Por ejemplo, A, B y C. Donde A pueda aportar su conocimiento musical y enseñar a tocar la guitarra una hora a la semana de manera gratuita a B, o a C, o a ambos. Donde C quiera enseñar un idioma, sin importarle que los servicios que ofrecen A y B sean o no de su agrado; porque sabe que a largo plazo llegará H o K, que le aportarán de manera gratuita algo que si le satisfaga. 

Listas a gran escala, donde podamos de una vez por todas controlar al menos un poco nuestro destino sin tener que depender de las finanzas, donde las limitaciones no sean económicas. 

Tenemos en nuestras manos todas las herramientas para generar modelos diferentes que desaten cadenas.

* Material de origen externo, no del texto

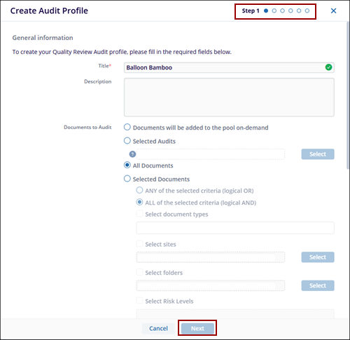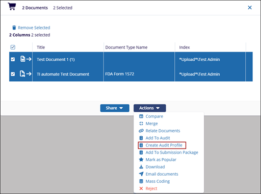 Admins can add documents to the cart from the grid and create audit profiles using the Create Audit Profile option.
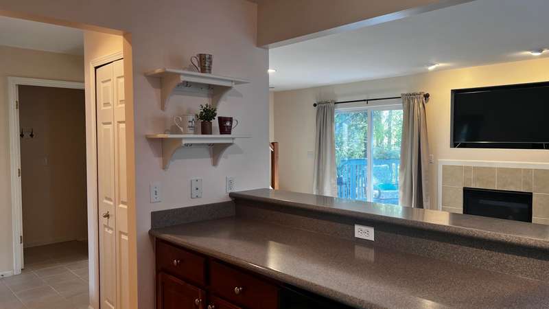 This lovely home has been well cared for and is in perfect shape. The location is wonderful as it is close to the center of town but far enough away to allow privacy and a peaceful escape from the hustle and bustle of todays life. You will love the view from the generous windows and especially the views from the deck. The deck is at the rear of the home and is shrouded in Cedar trees that provide year round seclusion. The kitchen is wonderful with an open area to the dining and living space. The bedrooms are a perfect size and will accommodate your every need. The finished basement with an egress window allows an opportunity for an additional bedroom if desired, The private secluded entrance is welcoming and comforting and the two car garage is a marvelous plus. Wine bar is included.

Intercambio de servicios sin interrumpir drásticamente el flujo normal de nuestras actividades, y a la vez interrumpiendo el flujo del capital que llega a las mismas arcas.

Uno más uno es solamente dos, pero cuando la cifra se visualiza de manera exponencial, ese dos es imparable.

Por cierto, sé que el título no concuerda con el contenido, pero créanme que mi intención al comenzar a escribir siendo las 4 am, era diferente al resultado. Y sí, los vecinos han cesado en su euforia, y a diferencia de ellos yo no puedo conciliar el sueño que me han robado. Al menos alguien descansa plácidamente.